OIG: 14 States Failed To Submit Anti-Fraud Information to Database
July 16, 2014 in News
Several state Medicaid systems have failed to submit all of their Medicaid beneficiary data to a national database designed to prevent fraudulent claims, according to a report from the HHS Office of Inspector General, the Washington Times reports.
States are required to participate in the Medicaid Interstate Match program, which collects and stores beneficiary information in a national database and then scans that data for duplicate Social Security numbers.
According to the Times, the duplicate numbers could indicate that benefits claims had been filed in more than one state.

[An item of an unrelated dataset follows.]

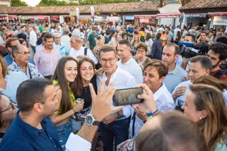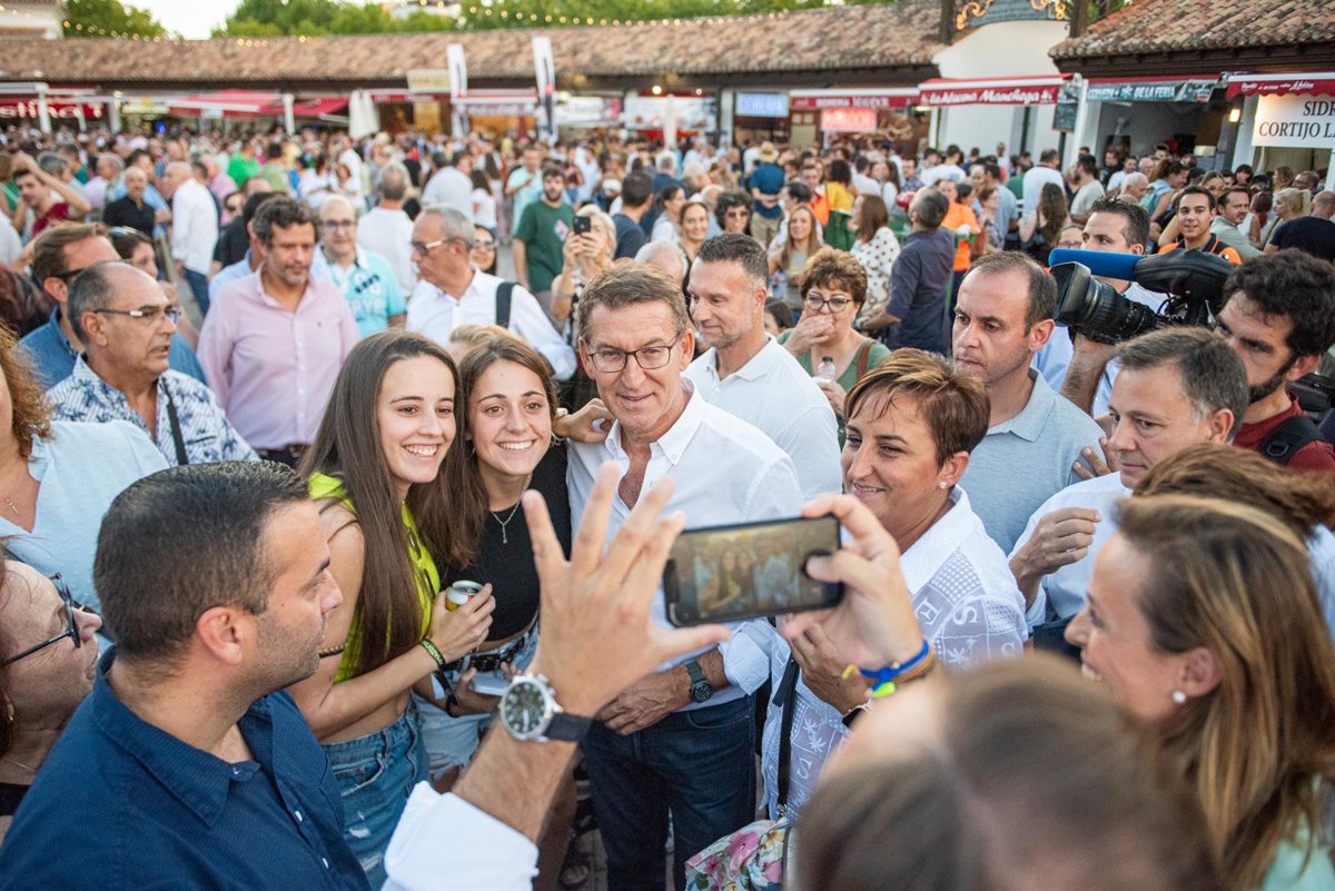 El presidente del PP, Alberto Núñez Feijóo (c), posa para una fotografía con simpatizantes durante su visita a la Feria de Albacete, en el Recinto Ferial, a 14 de septiembre de 2023, en Albacete, Castilla-La Mancha (España). La Feria de Albacete, declarad - Víctor Fernández - Europa Press

The report found that 14 states — which OIG did not identify — failed to submit all their Medicaid beneficiaries’ enrollment data. Of those states, five reported “barriers related to resources or technical capability” that limited their ability to submit the required data.
The report also found that the incomplete data meant that only 30% of matches in the program were checked for fraud. In addition, it found that no states in these cases were successful in recovering improper payments, noting that many states encountered difficulties when they tried to recover payments from managed care organizations because “of barriers such as lack of resources” and time constraints.
OIG recommended that CMS improve its management of the matching program by:
- Providing data;
- Checking at least half of the matches;
- Discontinuing payments identified as improper; and
- Recovering any improper payments.
It also called on the agency to give states more guidance on how to use the tool, which CMS agreed to do (Johnson, Washington Times, 7/14).